A custom Spark data source supporting the Common Event Format V25 standard for logging events.
This is a fork taken from the original source at https://github.com/bp/spark-cef-reader which was created by the same authors as this fork.
This fork has the following changes applied to it at the time of the fork. Subsequence changes can be viewed in the history of the source code and in the release notes.
- Updated to include support for Spark 3.4 and 3.5
- Rewrite of the options class to meet support for Spark 3.4
- Renamed the package to not violate any trademarks and to ensure that this is seen as a derivative work
This repository contains all history from the original source and has the same license applied.
- Schema inference. Uses data types for known extensions.
- Plain text, bzip2, and gzip files supported and tested
- Field pivoting, for turning
<key>Label
fields into the field names - Scanning depth, allowing you to define how many records to scan to infer the schema
- Built using Spark DataSource v2 APIs for Spark 3
- Usage as a source in Spark SQL statements
import org.apache.spark.sql.SparkSession
val spark = SparkSession.builder().getOrCreate()
// Read using provided data frame reader
val df = spark.read
.option("maxRecords", "10000") // Optional, default 10,000
.option("pivotFields", "true") // Optional, default is false
.cef("/path/to/file.log")
// Writing the data back out
df.write
.mode("overwrite")
.option("nullValue", "NA") // Optional
.option("dateFormat", "millis") // Optional
.cef("/path/to/output/file.log")
// Or using the format method (required for use in PySpark)
// Using the short format name
val dfShort = spark.read.format("cef").load("/path/to/file.log")
// Using the fully qualified name
val dfFull = spark.read.format("com.elastacloud.spark.cef").load("/path/to/file.log")
// The path to the file may be an absolute path name, multiple path names, or a glob pattern.
val dfGlob = spark.read.cef("/landing/events/year=2020/month=*/day=*/*.log.gz")
Available for use in Spark SQL as well
-- Note the use of backticks around the path
SELECT
*
FROM
cef.`/path/to/file.log`
The following options are available to pass to the data source, where they are not defined then the default value will be used.

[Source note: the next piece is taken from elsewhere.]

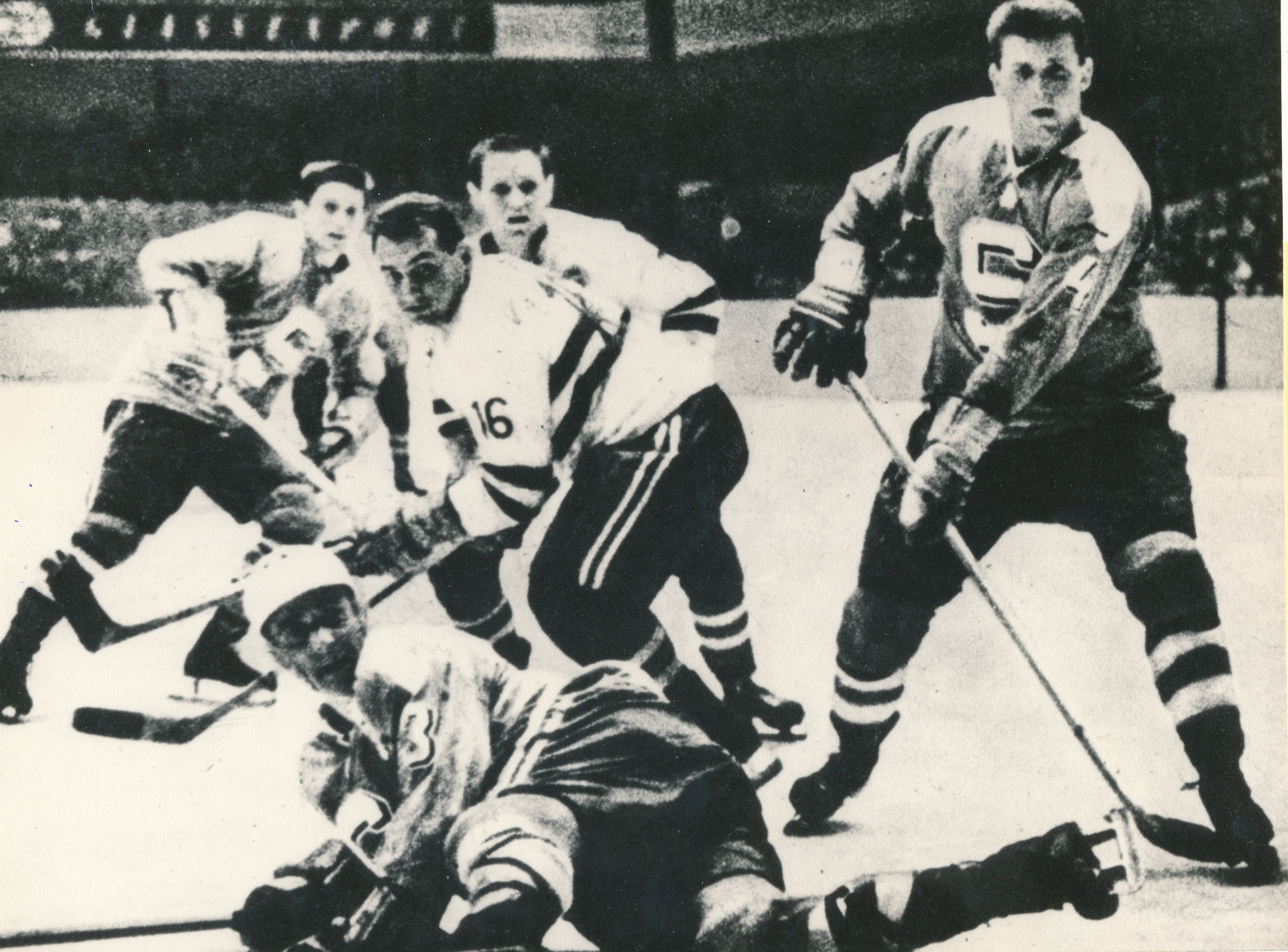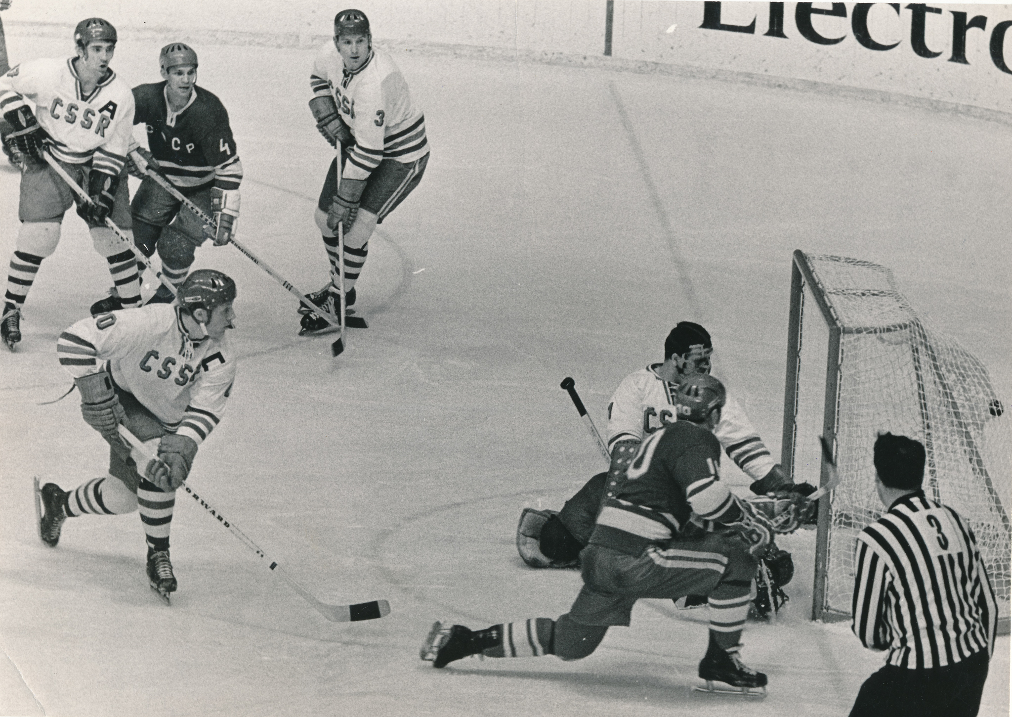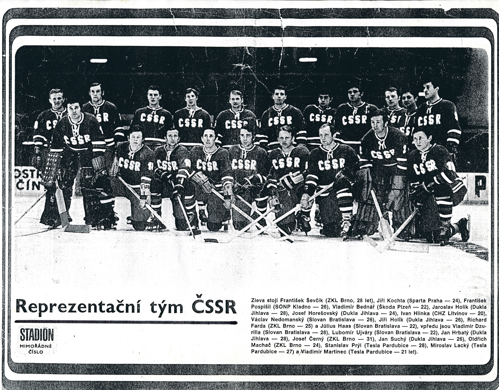 Josef Horešovský (první zprava nahoře) v utkání se Sovětským svazem na mistrovství světa 1969. Národní tým vyhrál 4:3, brankář Vlado Dzurilla dostává jednu ze tří branek

Option | Type | Default | Supported Actions | Purpose |
---|---|---|---|---|
maxRecords | Integer | 10,000 | Read | The number of records to scan when inferring the schema. The data source will keep scanning until either the maximum number of records have been reached or there are no more files to scan. |
pivotFields | Boolean | false | Read | Scans for field pairs in the format of key=value keyLabel=OtherKey and pivots the data to OtherKey=value . |
defensiveMode | Boolean | false | Read | Used if a feed is known to violate the CEF spec. Adds overhead to the parsing so only use when there are known violations. |
nullValue | String | - |
Read/Write | A value used in the CEF records which should be parsed as a null value. |
mode | ParseMode | Permissive | Read | Permitted values are permissive , dropmalformed and failfast . When used in FailFast mode the parser will throw an error on the first record exception found. When used in Permissive mode it will attempt to parse as much of the record as possible, with null values used for all other values. Using dropmalformed will simply drop any malformed records from the result. Permissive mode may be used in combination with the corruptRecordColumnName option. |
corruptRecordColumnName | String | null |
Read | When used with Permissive mode the full record is stored in a column with the name provided. If null is provided then the full record is discarded. By providing a name the data source will append a column to the inferred schema. |
dateFormat | String | MMM dd yyyy HH:mm:ss.SSS zzz |
Write | When writing data this option defines the format time use for timestamp values. The data source will check against CEF valid formats. Alternatively use millis to output using milliseconds from the epoch |
The following defines the date formats supported by the CEF standards. Also supported are epoch milliseconds which can
be requested using the millis
format for dateFormat
when writing. When reading the data source will also evaluate
ISO 8601 formats for where non-standard date formats may have been used.
MMM dd yyyy HH:mm:ss
MMM dd yyyy HH:mm:ss.SSS zzz
MMM dd yyyy HH:mm:ss.SSS
MMM dd yyyy HH:mm:ss zzz
MMM dd HH:mm:ss
MMM dd HH:mm:ss.SSS zzz
MMM dd HH:mm:ss.SSS
MMM dd HH:mm:ss zzz
When reading, if the timezone identifier is omitted, then UTC will be assumed. If the year is omitted then it will default to 1970.